Я выпрямился и успел увидеть, как быстро лицо ее замыкалось, становилось неподвижной, окаменевшей маской. И я понял, почему произошла эта резкая перемена: ее смех, ее слова «разогнитесь, сломаетесь», обращенные ко мне, рикошетом ударили ее саму — согнутую, изломанную калеку, которая никогда не сможет разогнуться…

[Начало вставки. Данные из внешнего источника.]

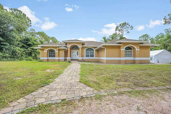 Est $6,412/moSpacious 3/2/2 CBS home on very private 5 acres in the beautiful equestrian community of Deer Run.Home is open, light and bright with vaulted ceilings and an open floor plan. The 5 acres has a dramatic palm tree-lined, long, circular driveway. The acreage is a blank slate for you to design and build out barns/paddocks/pool/etc. as needed. There's even an existing ''pad'' for a guest house or barn. Or leave it as it is and enjoy the peace, tranquility and privacy of your own 5-acre slice of Florida paradise!Don't miss this lowest priced home in Deer Run!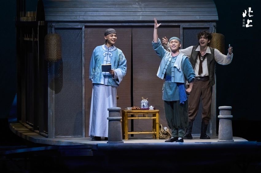 作為北京文化藝術(shù)基金2023年度資助項目、“大戲看北京”展演劇目,音樂劇《北上》由中共北京市委宣傳部、北京市文化和旅游局指導(dǎo),北京廣播電視臺出品,講述了20世紀初漕運總督府翻譯謝平遙與來華考察的意大利人“小波羅”等一同踏上沿京杭大運河北上的旅程,歷經(jīng)磨礪,終獲曙光,在亂世洪流中建立起深厚友誼。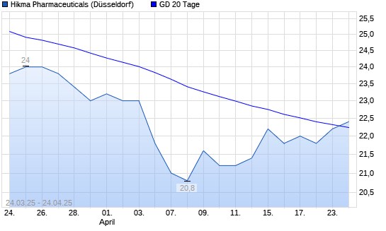 Mit dem Anstieg auf 22,40 EUR hat die Hikma Pharmaceuticals-Aktie am 23.04.2025 die 20-Tage-Linie nach oben gekreuzt.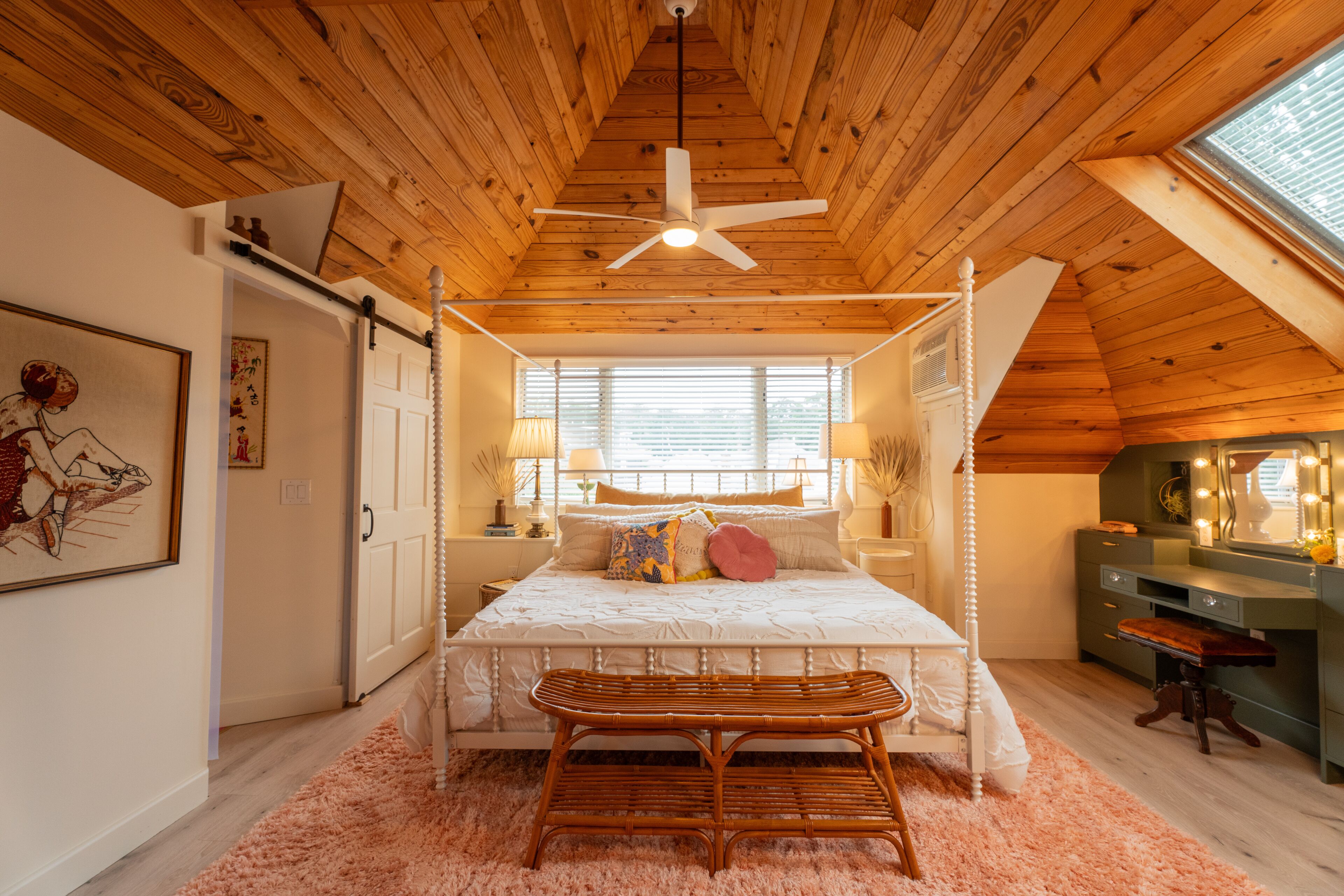 Upstairs, retreat to the master suite with a king-sized bed, lounge chair, and desk. The additional bedrooms include: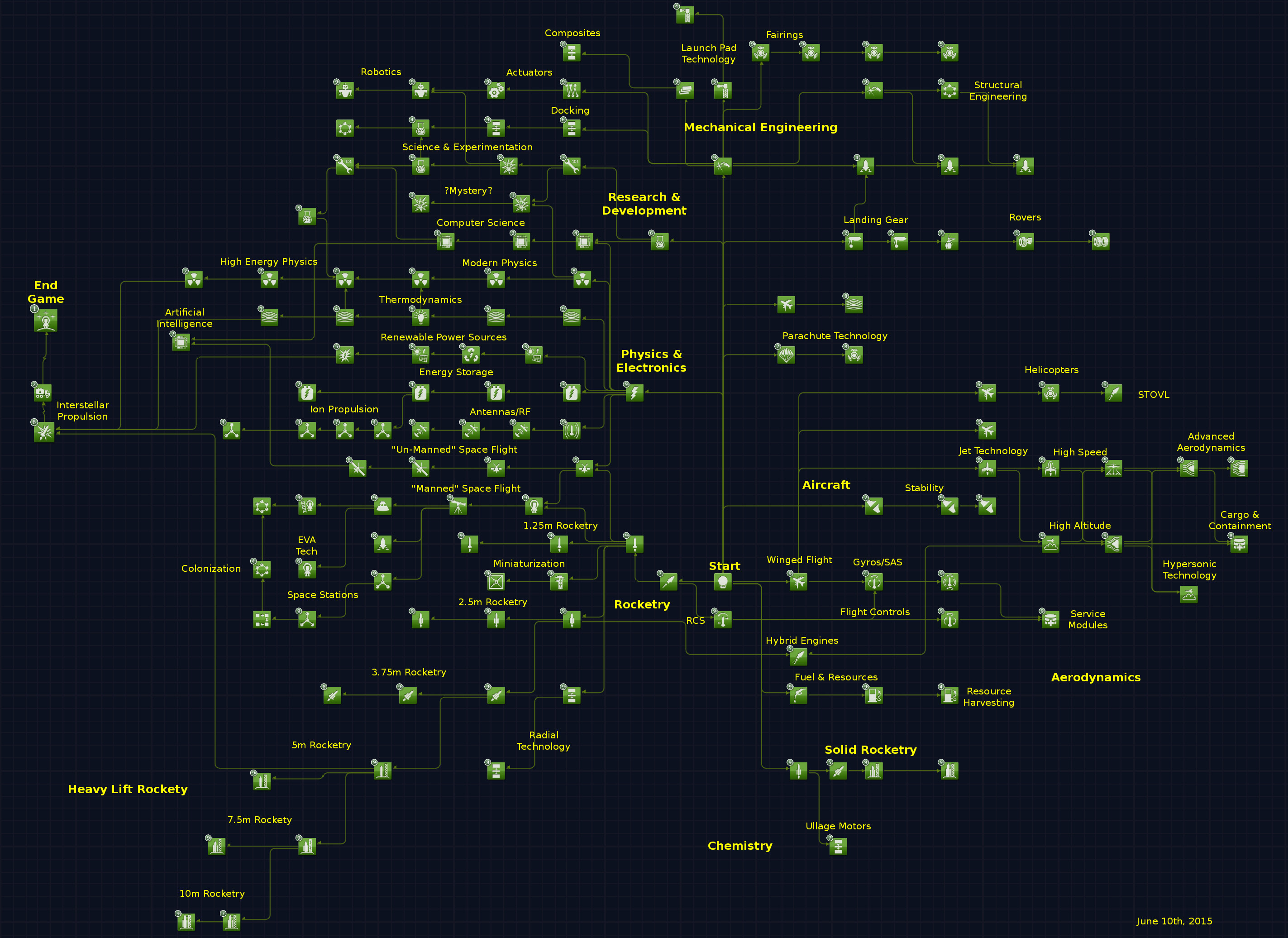 Du meinst bestimmt Kerbal Research & Developement. Allerdings ist das kein Techtree. Da kann man nur überschüssige Science in Verbesserungen investieren.

На следующий день в маленьком клубном автобусике по безумной апрельской дороге мы с ней куда-то поехали — нет, поплыли, забрызганные по самые автобусные стекла коричневой грязью. Однако шофер свое дело знал, и часа через два добрались мы до полустанка железной дороги. К нам вышел дежурный дед, дал Ольге Андреевне расписаться в засаленной амбарной книге, мы с шофером взяли три тяжеленных огромных ящика и с трудом втащили их в автобус. Тронулись обратно, завязая в грязи пуще прежнего, разочек несильно засели, вылезли и уже к вечеру прибыли в наш военгородок. Шофер остановился было у клуба, но Ольга Андреевна приказала подъехать к ее дому. Внесли ящики в небольшую квартирку, но когда мы собрались ретироваться, она сказала, обратившись к шоферу:

— Вы свободны. Спасибо. А вы (я то есть) — можете еще поработать.

— Можем, — говорю.

Солдатик-шофер вышел, протарахтел за окном мотором, Ольга Андреевна скрылась в комнате, возится там, раздевается, наверно… Я стою в темноте прихожей, привалившись к этим ящикам, — мы их взгромоздили друг на друга, иначе бы по коридорчику не пройти, — было тихо, из-за двери пробивался слабый свет… мне вдруг стало покойно: жильем — человеческим жильем повеяло, уютным, женским, может быть, или просто — обыкновенным бытом, а не казарменной казенщиной, где все пропахло густою смесью пота с карболкой… Я стоял в темноте и в самом деле — смешно признаться! — принюхивался к жилью, пробовал его, — ну вот так, как, смакуя, пробуют незнакомое вкусное блюдо. Свежим бельем пахло, флакончиками какими-то — пудрами и духами; чем-то кожаным — дамской сумочкой? Пахли с холода и сосновые ящики у меня под боком — я аж глаза прикрыл, только дышал себе и дышал…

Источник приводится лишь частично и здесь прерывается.